→ **Task item**: Ignoring every picture, transcribe the data in full as it stands.

_ _ _

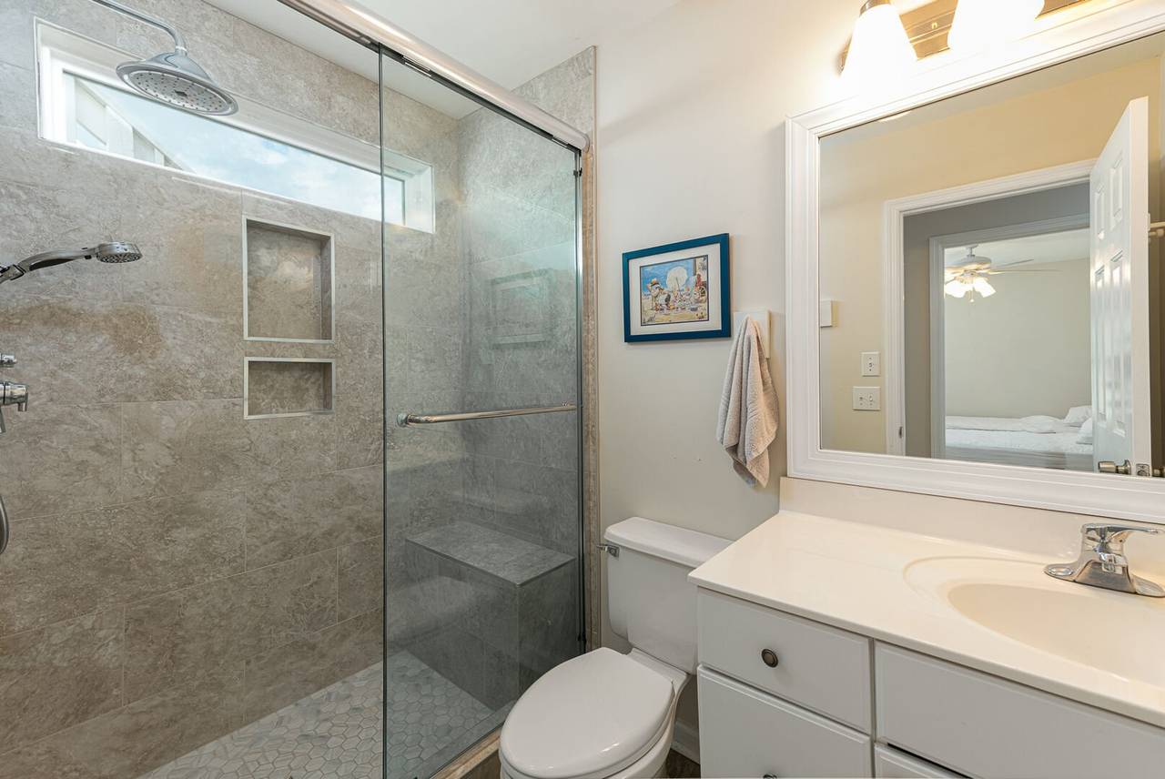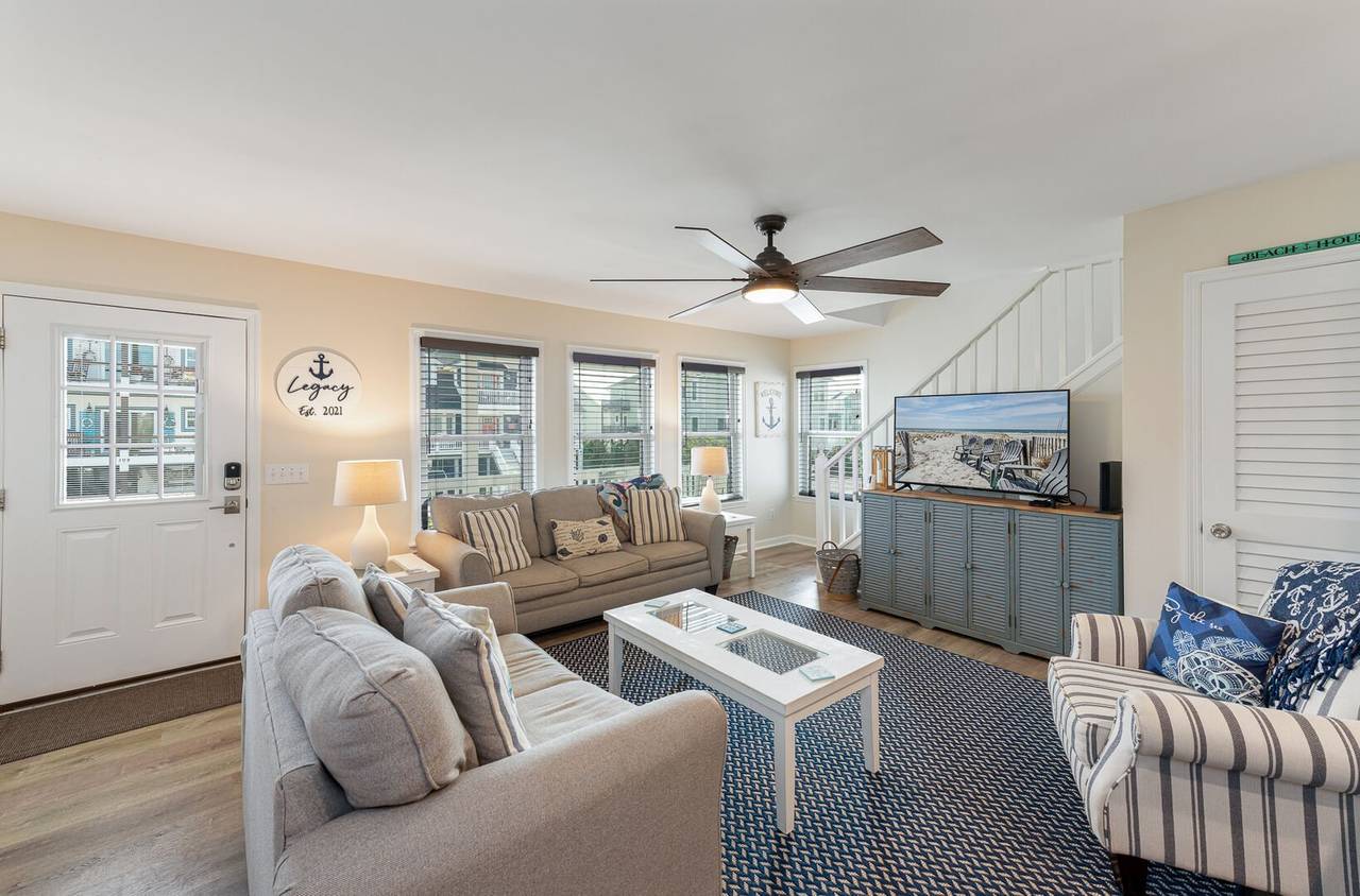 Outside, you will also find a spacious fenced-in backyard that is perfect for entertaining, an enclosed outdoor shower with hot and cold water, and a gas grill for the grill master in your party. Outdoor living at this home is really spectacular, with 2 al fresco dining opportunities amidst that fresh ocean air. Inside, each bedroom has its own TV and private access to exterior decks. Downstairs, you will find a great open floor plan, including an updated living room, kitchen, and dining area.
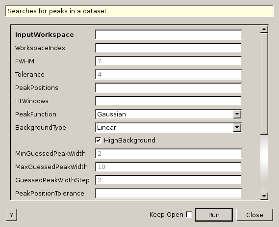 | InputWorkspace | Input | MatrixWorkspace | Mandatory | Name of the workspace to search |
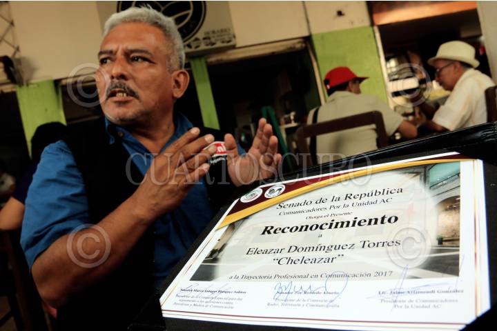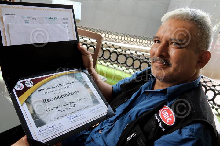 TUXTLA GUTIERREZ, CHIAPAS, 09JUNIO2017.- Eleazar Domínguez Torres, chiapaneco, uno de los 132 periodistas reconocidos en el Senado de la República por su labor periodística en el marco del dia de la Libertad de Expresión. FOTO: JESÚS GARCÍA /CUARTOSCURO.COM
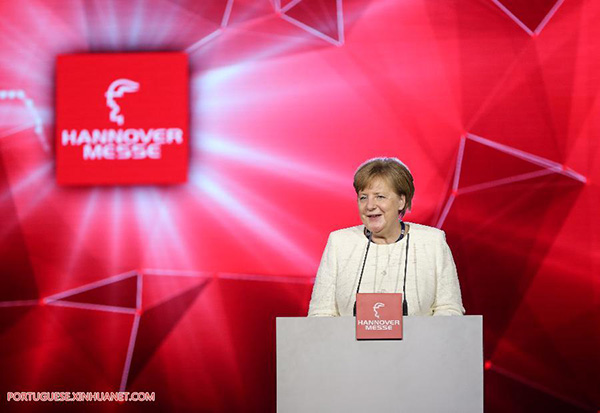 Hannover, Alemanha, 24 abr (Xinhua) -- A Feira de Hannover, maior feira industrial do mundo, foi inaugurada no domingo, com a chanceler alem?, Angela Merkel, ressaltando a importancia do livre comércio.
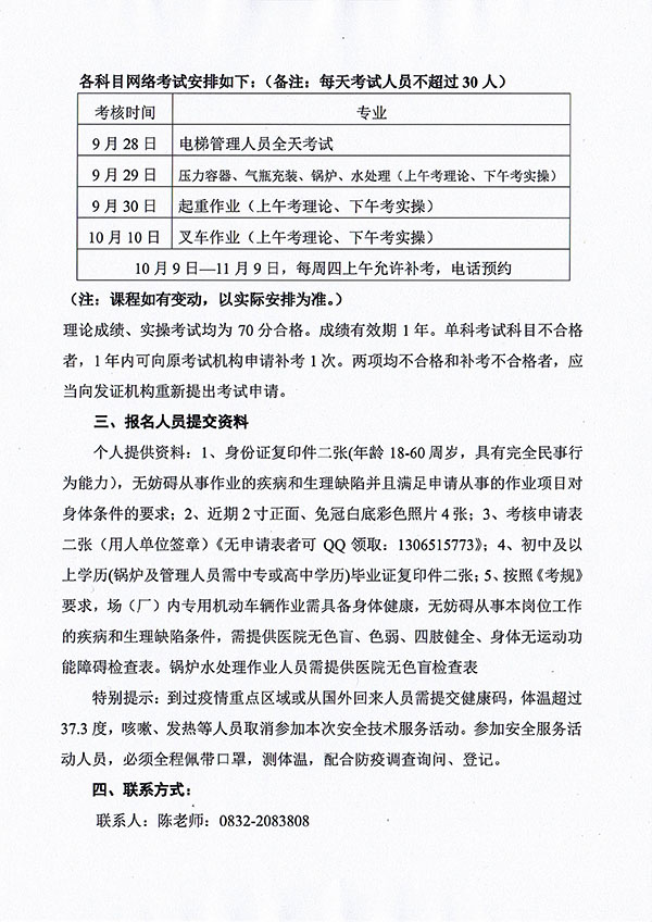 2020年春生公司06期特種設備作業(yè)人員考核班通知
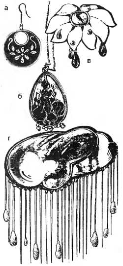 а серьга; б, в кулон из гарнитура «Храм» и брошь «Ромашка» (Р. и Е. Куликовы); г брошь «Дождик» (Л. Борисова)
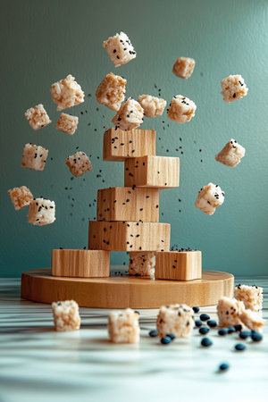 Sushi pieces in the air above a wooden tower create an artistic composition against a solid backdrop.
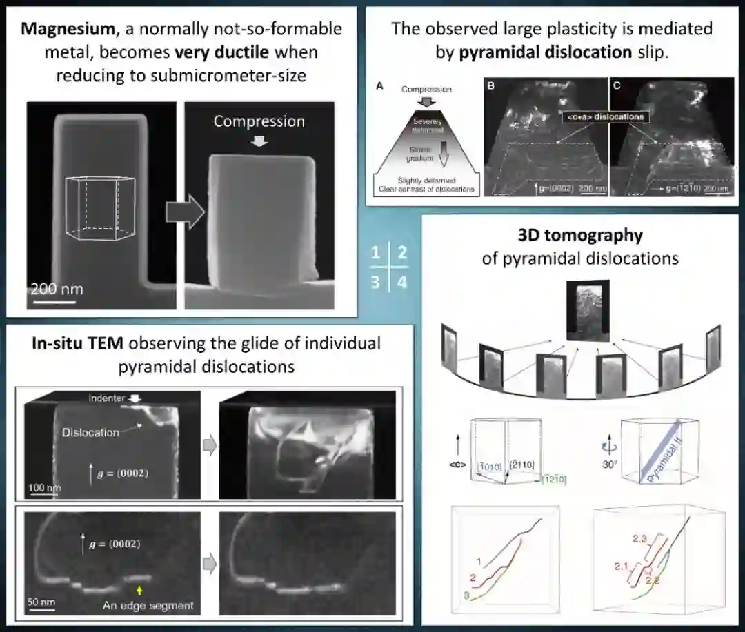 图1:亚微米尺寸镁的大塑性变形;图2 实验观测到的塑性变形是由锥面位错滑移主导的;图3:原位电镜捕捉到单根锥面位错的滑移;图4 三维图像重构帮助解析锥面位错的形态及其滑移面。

_ _ _

→ **Response**:
 Outside, you will also find a spacious fenced-in backyard that is perfect for entertaining, an enclosed outdoor shower with hot and cold water, and a gas grill for the grill master in your party. Outdoor living at this home is really spectacular, with 2 al fresco dining opportunities amidst that fresh ocean air. Inside, each bedroom has its own TV and private access to exterior decks. Downstairs, you will find a great open floor plan, including an updated living room, kitchen, and dining area.
 | InputWorkspace | Input | MatrixWorkspace | Mandatory | Name of the workspace to search |
 TUXTLA GUTIERREZ, CHIAPAS, 09JUNIO2017.- Eleazar Domínguez Torres, chiapaneco, uno de los 132 periodistas reconocidos en el Senado de la República por su labor periodística en el marco del dia de la Libertad de Expresión. FOTO: JESÚS GARCÍA /CUARTOSCURO.COM
 Hannover, Alemanha, 24 abr (Xinhua) -- A Feira de Hannover, maior feira industrial do mundo, foi inaugurada no domingo, com a chanceler alem?, Angela Merkel, ressaltando a importancia do livre comércio.
 2020年春生公司06期特種設備作業(yè)人員考核班通知
 а серьга; б, в кулон из гарнитура «Храм» и брошь «Ромашка» (Р. и Е. Куликовы); г брошь «Дождик» (Л. Борисова)
 Sushi pieces in the air above a wooden tower create an artistic composition against a solid backdrop.
 图1:亚微米尺寸镁的大塑性变形;图2 实验观测到的塑性变形是由锥面位错滑移主导的;图3:原位电镜捕捉到单根锥面位错的滑移;图4 三维图像重构帮助解析锥面位错的形态及其滑移面。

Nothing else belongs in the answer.